Food and water security
Spatial Analysis of the fencing situation in Masaai Mara: A case of Pardamat conservancy
February 2019 - May 2019
Food and water security is one of the biggest problems being faced by societies to date. In this project, we accessed the food and water security issues within the Greater Mara region. The Greater Mara also known as the Maasai Mara by reference to its people, is located in the southwest part of Kenya, bordering the Serengeti National Park of Tanzania. The region consists mainly of wildlife and wildlife conservatories, livestock farmers, small and large-scale crop farmers, tourist groups, local women, etc. With the decrease of annual rainfall and the increase in both human and livestock populations, the region is faced with a growing need to secure yields for themselves and their livestock, which has resulted in an exponential increase in fenced areas. In this project, we focused on the consequences that are resulting from this increase in fencing. In particular, we focused on the effects of fences on wildlife migration, access to water, and grazing pastures.
Climate resilient cities
Towards enhancing the infiltration capacity of the Murchison bay catchment of Kampala, Uganda
August 2018 - November 2018
Urban flooding is a serious problem across the world.
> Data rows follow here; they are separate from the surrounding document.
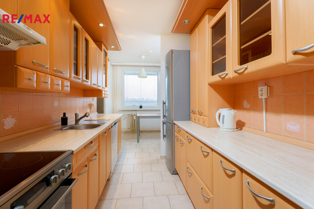 Jedná se o pěkný byt o celkové podlahové ploše 51,52 m² ve 4NP panelového domu, v této výměře není zahrnuta plocha lodžie (6,96 m²) a sklepa (3,48 m²). Celková užitná plocha je tedy 74.29 m². Byt je po částečné rekonstrukci. Okna jsou nová plastová a jsou orientována na obě strany domu - západ i východ, byt je díky tomu plný denního světla. Zasklená lodžie je na západní straně a směřuje do zeleně, je tedy ideálním místem pro večerní posezení.
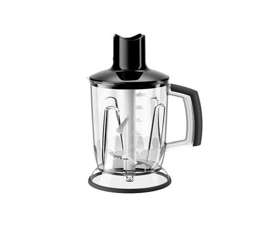 Braun’s chopper / blender attachment does the job of two – it allows you to expand your creativity, while getting the most out of your hand blender. Besides quickly and easily chopping your cooking ingredients, it is also perfect for blending smooth shakes and drinks, mixing a light batter – and even offer a simple way to crush ice.Braun MQ 40. Accessory type: Blender chopping bowl, Chopper bowl capacity: 1.25 L, Chopper blades material: Stainless steel. Doesn't contain: Bisphenol A (BPA)
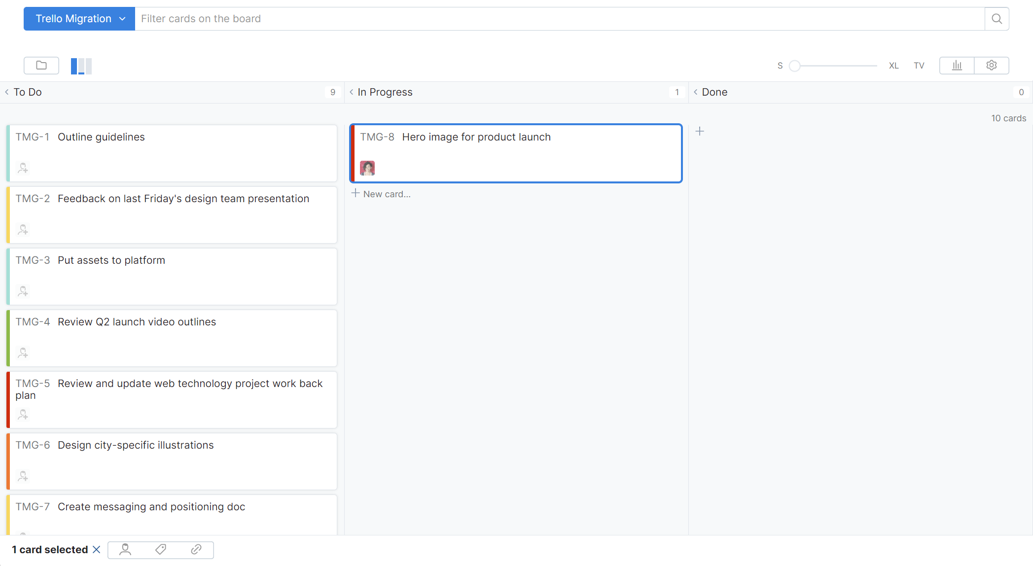 When you’ve completed the task, move the card from the In Progress column to Done.
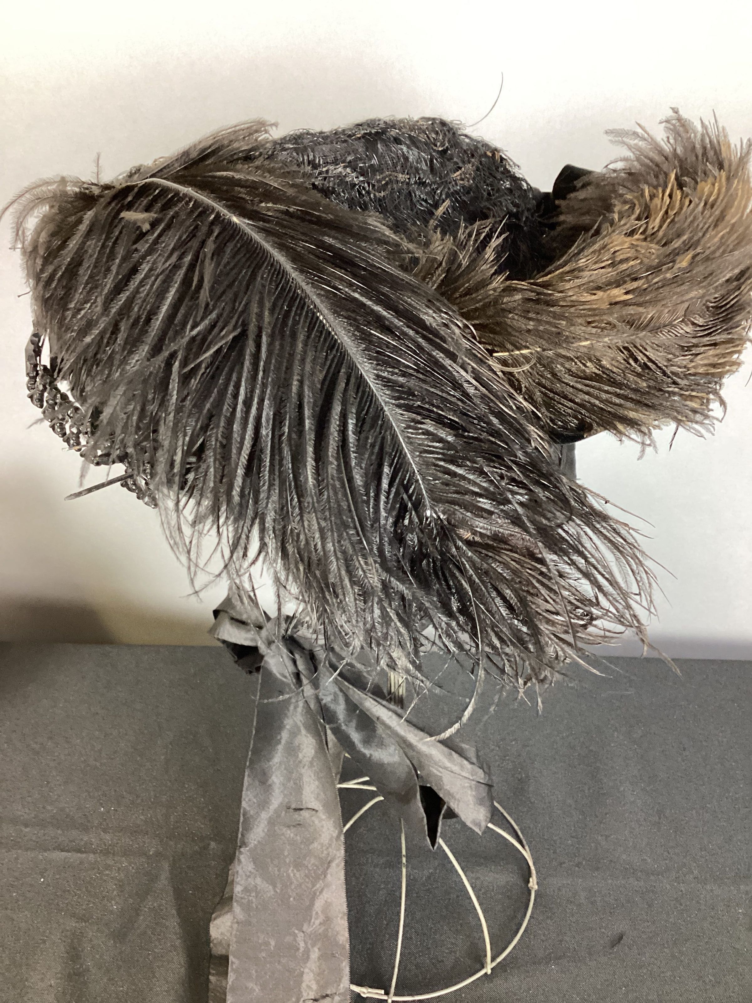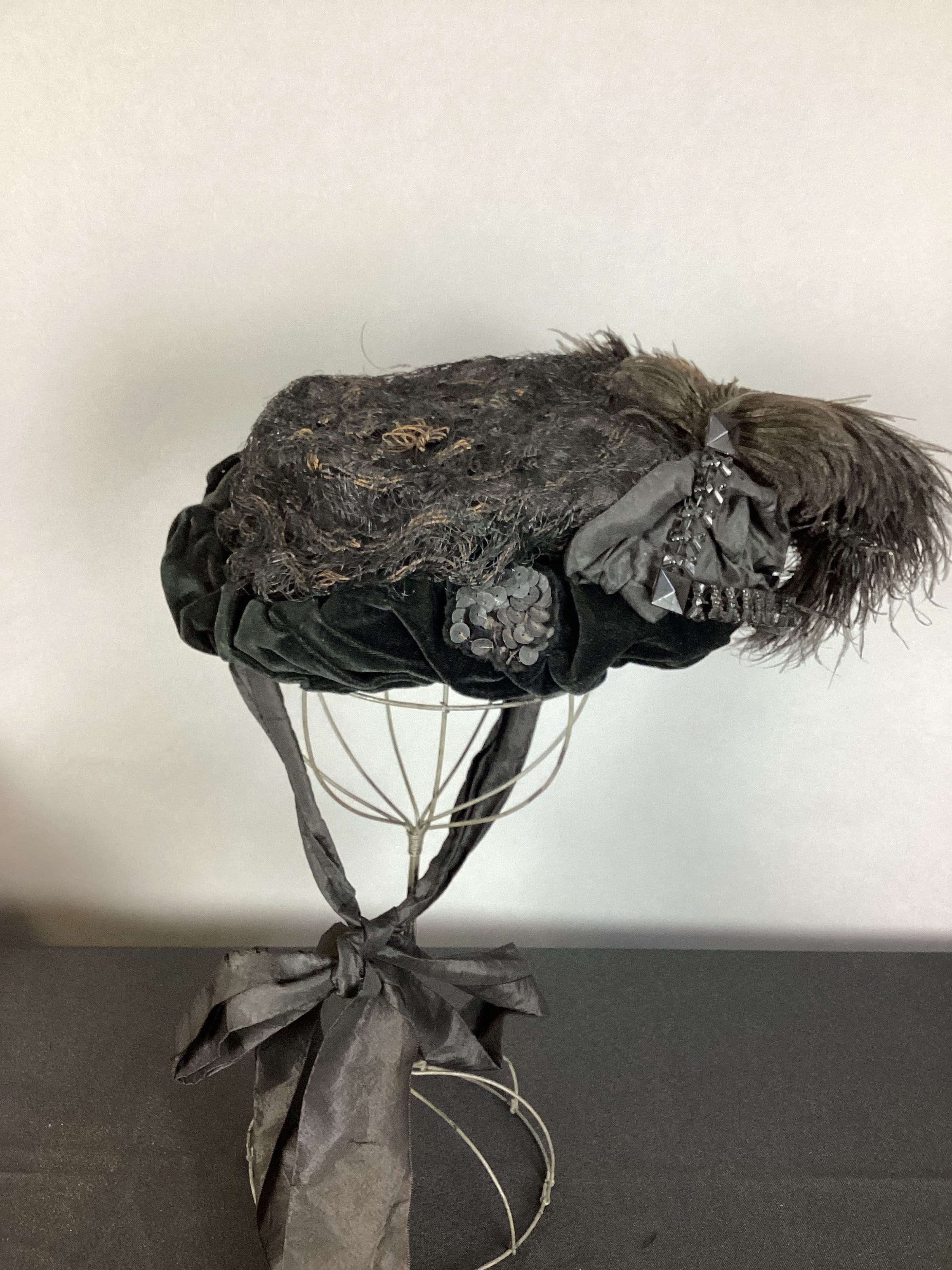 Black net and velvet hat; trimmed with jet beads and fethers; wide black taffeta ties; 2 hat pinsCollection

Without effective flood control interventions, these floods can result in the degradation of water quality, property damage, and the potential loss of human life. For this project, we looked at flooding within Uganda’s largest and most important urban area, Kampala. The main driver of the enhanced flooding in Kampala has been the increase in urbanisation which has led to a loss of wetland vegetation and cultivated areas. Our focus on this project was to evaluate interventions that enhance the infiltration capacity of the Murchison Bay catchment, one of the cities’ largest catchments.
Spatial Electric Load Forecasting
A case of Zimbabwe Electricity Transmission and Distribution Company (ZETDC), Mutare
Bachelor Thesis - 2017
Electricity is a critical source of energy worldwide. Unexpected electrical interruptions can cause serious repercussions on electrical utilities and human life, amongst others. There is therefore a need for electric distribution companies to continuously revaluate infrastructure in line with spatial developments so as to ensure the availability and reliability of electricity for all users. In this thesis, I incorporated GIS into electrical transmission and distribution utilities in an effort to produce more accurate electrical forecasts (temporal, spatial, and magnitude of the expected load).